Lunar Burn: Echo upon Echoes

Daseul Song







October 10 – October 30

2025

Daseul Song's solo project Lunar Burn: Echo upon Echoes begins at the threshold where moonlight and shadow intersect, where order collides with fracture. The moon is both a mirror reflecting the sun's light and a surface inscribed with scars and fissures. The nocturnal stage it illuminates is not a masculine space governed by rational order, but a zone where dormant ruptures surface and unfold.


Within this project, moonlight functions as a medium that bridges reality and fantasy. It emerges as the beauty of imperfection and deviation, reconstructing scenes of Artemis and the nymphs through glitch—the errors of digital networks. Here, glitch is not a failure but a unit of sensory resistance, a basic element of the digital tapestry that mutates into a dissonant image-narrative.


Lunar Burn: Echo upon Echoes takes as its point of departure the figure of Justine from Lars von Trier's film Melancholia (2011). Conforming to the demands of social normalcy, Justine paradoxically encounters liberation in the face of the irrational event of the Earth's destruction. Song transforms Justine's naked body under the moonlight into Artemis—an autonomous being—and then disperses it further into the anonymous, plural bodies of the nymphs.


The genealogy of Justine—Artemis—Nymphs is more than a mere mythological citation; it symbolizes the continual processes through which identity and corporeality are dismantled and reassembled. Song generates multiple IDs that drive abstract moving images, experimenting with a process of polyphonic articulation.
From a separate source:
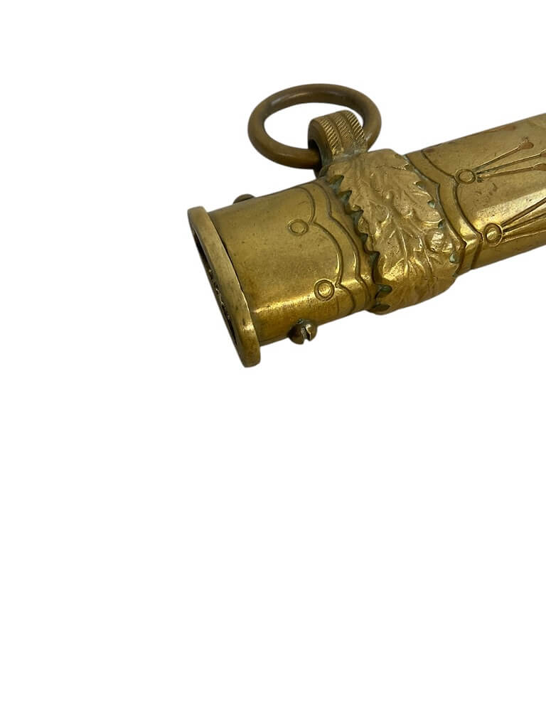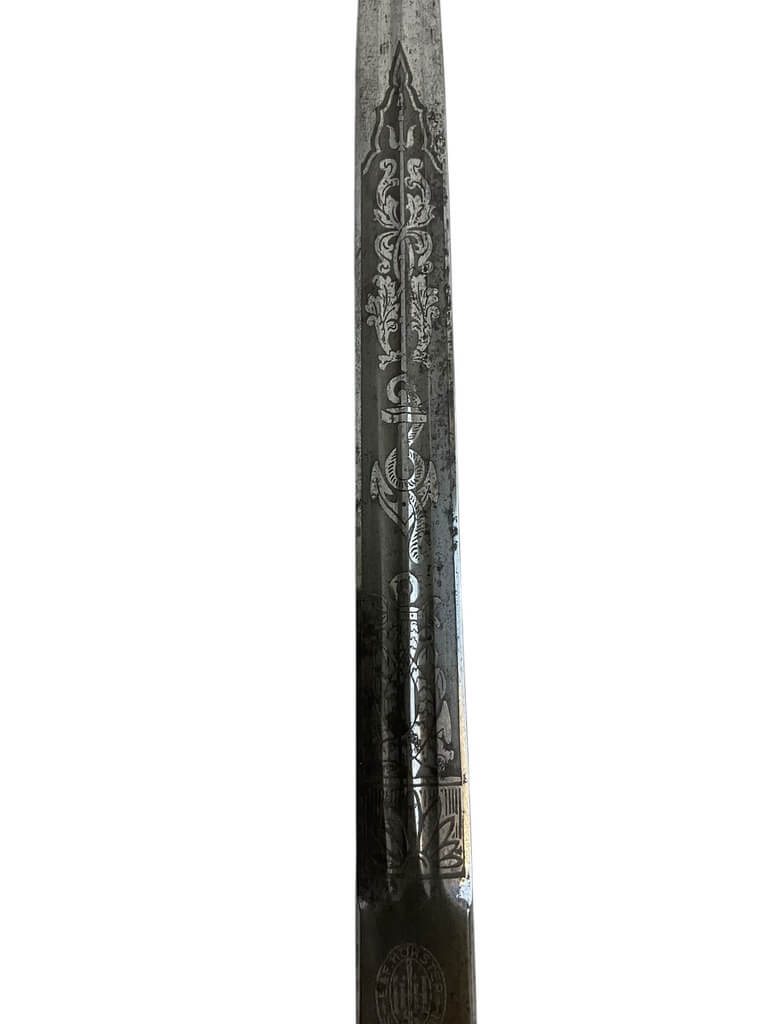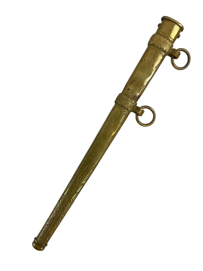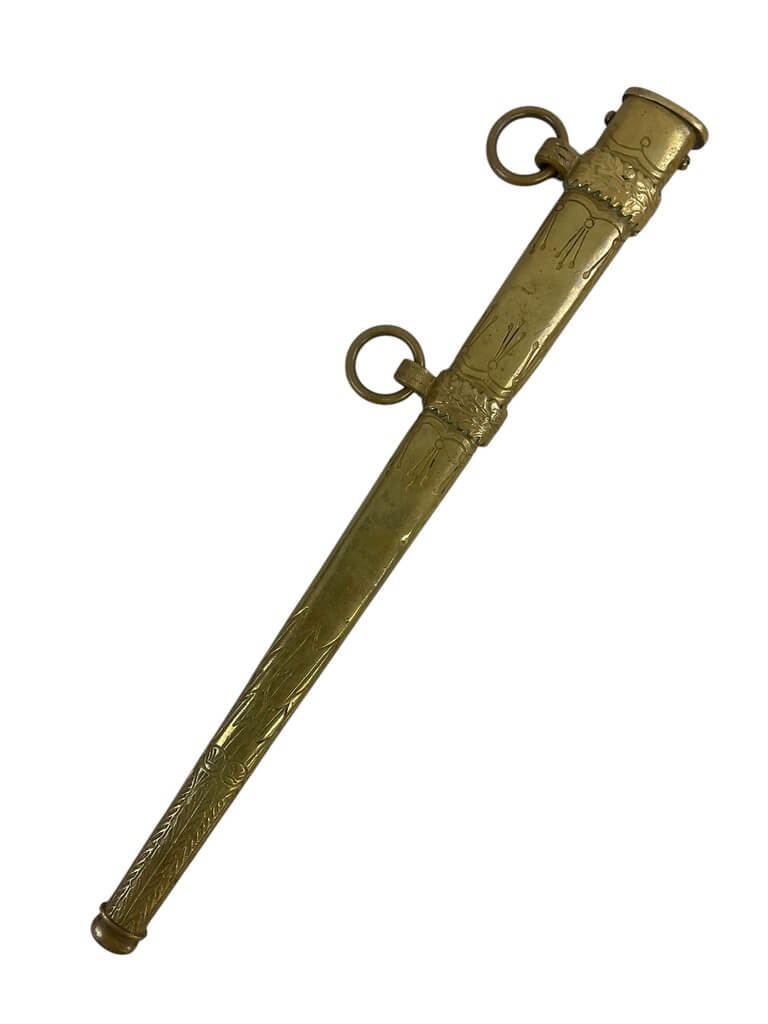 The WW2 German Navy Kriegsmarine Officers Dagger with Scabbard is an authentic piece of military history, crafted by the renowned EF Horster company. This dagger is characterized by its strikingly ornate design, typical of the Kriegsmarine (German Navy) during World War II. The beautiful craftsmanship features intricate engravings and a sturdy, double-edged steel blade that could tell a thousand tales. The accompanying scabbard is equally appealing, with its detailed embossments and solid construction. This dagger is not only a weapon but a symbol of rank, power, and authority among German naval officers during the war. As a product of EF Horster, a company known for its high-quality military antiques, this Kriegsmarine Officers Dagger is a highly collectible piece. It offers a tangible glimpse into the past, making it a must-have addition for any WWII memorabilia collector.
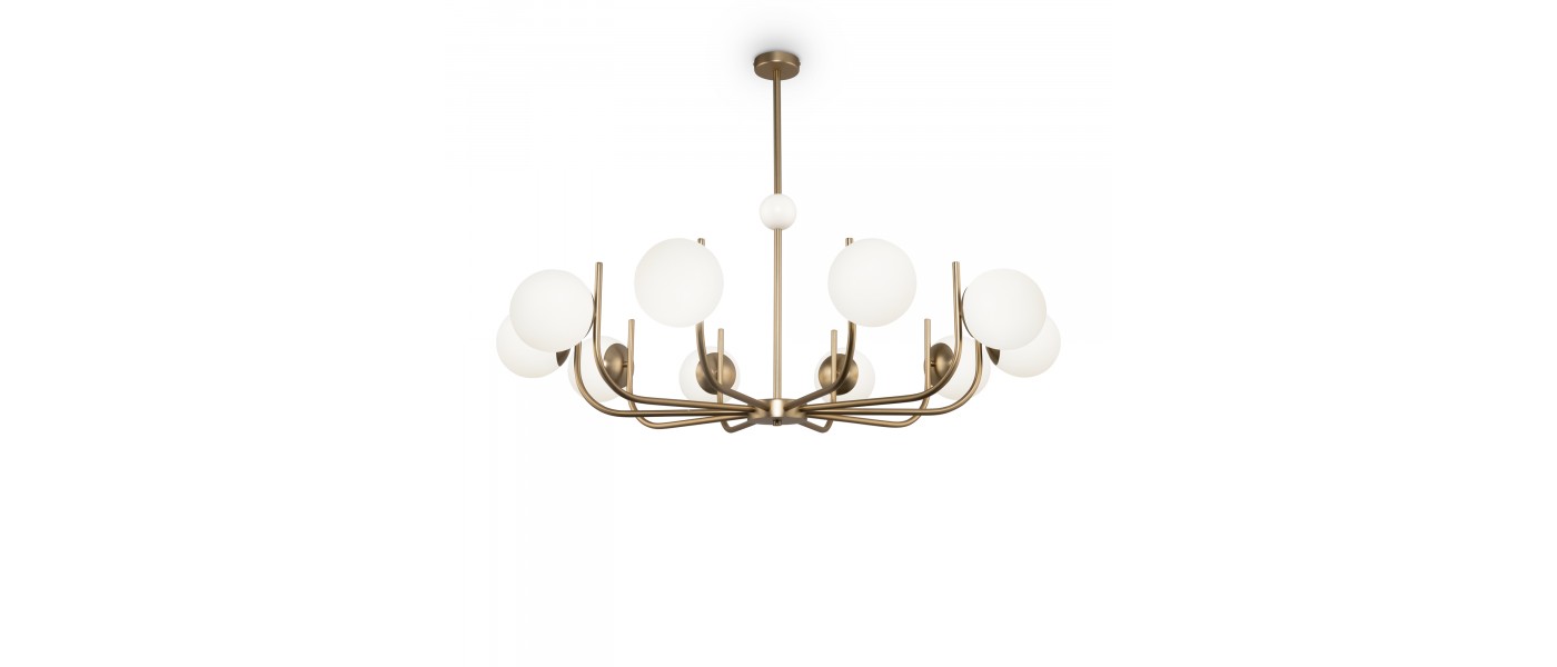 Арматура из металла окрашена в цвет латуни. Плафоны-сферы из матового белого стекла. Трендовые обтекаемые формы. Дизайн в стиле ретро. Источник света — лампы с цоколем Е14...

The project also calls anonymous viewers into the role of "nymphs" through acts of moon tanning and sharing digital skin. As participants pass into the surface of lunar burns—fire wounds, image wounds—they encounter new corporealities and identities through their own bodies. When the scorched skin of moonlight is shared, the space transforms into a temporary festival for the nymphs.


Through this, Song explores the mutability of body and identity, and the interactions of image-data that mediate them, as a way of seeking a new feminine language and community—one that departs from the rational order of contemporary networks and gestures toward other possibilities.